Hi there, this is my first time posting and am here because I am at my wits end. I apologise now if this is a long post......
I was maried twice, no kids, never wanted any, and then met a beautiful women at work, she to was divorced and had 2 kids girl 10 and boy 5. We fell in love and took things really easy, I met the kids and over time I started to stay over weekends. We all got on fine, both kids had issues the girl major major tantrums since she was a baby and the boy, his mum believes (as do I) has some form of mild ADHD. The kids constantly fought, not physical (although on occassions it has been). The bio was on the scene and had them every other weekend and was paying maintenance.

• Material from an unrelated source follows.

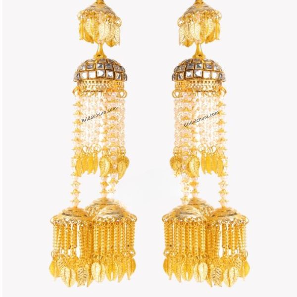 The Pearl Royale Kalira is an artistic blend of classic and contemporary styles. Featuring stunning pearl strands cascading gracefully with gold-plated leaves and delicate kundan embellishments, this Kalira showcases impeccable craftsmanship. The rich gold finish enhances its royal appeal, while the pearls bring a soft, sophisticated charm. The dome-shaped top, adorned with intricate carvings, makes it a mesmerizing addition to any bridal look.

This was all new to me as not really been around kids much and I was 38 years old. Anyway after 18 months I moved in with them and whilst I had to make major changes to my lifestyle I still had freedom to go to gym 3 times a week after work and have my own space. Also we had every other weekend to spend just the 2 of us which I so looked forward to. After time the bio father was erratic in him having the children, maintenance stopped and he moved someone in who had 2 kids and they took over his kids rooms. I started to be very resentful as I work hard and was supporting his children and he couldn't be bothered with them. This will have messed them up and continues to do so.

During this time I wouldn't say I had a close relationship with either kid, which I was fine with, we would do things as a family at weekends but I didn't really do any one on one time with either - this was completely fine with all of us I took on a step parent role but tried to leave discipline to the mum. The kids continued to have issues and fight, the eldest is very intelligent girl but her relationship with her mum isn't great, they often fight and shout. The boy is frustrating, not listening, have to ask him several times to do something and end up shouting at him. Their mum is quite good with discipline and will ground them, remove priveleges etc. They can both have sudden mood changes and temper tantrums.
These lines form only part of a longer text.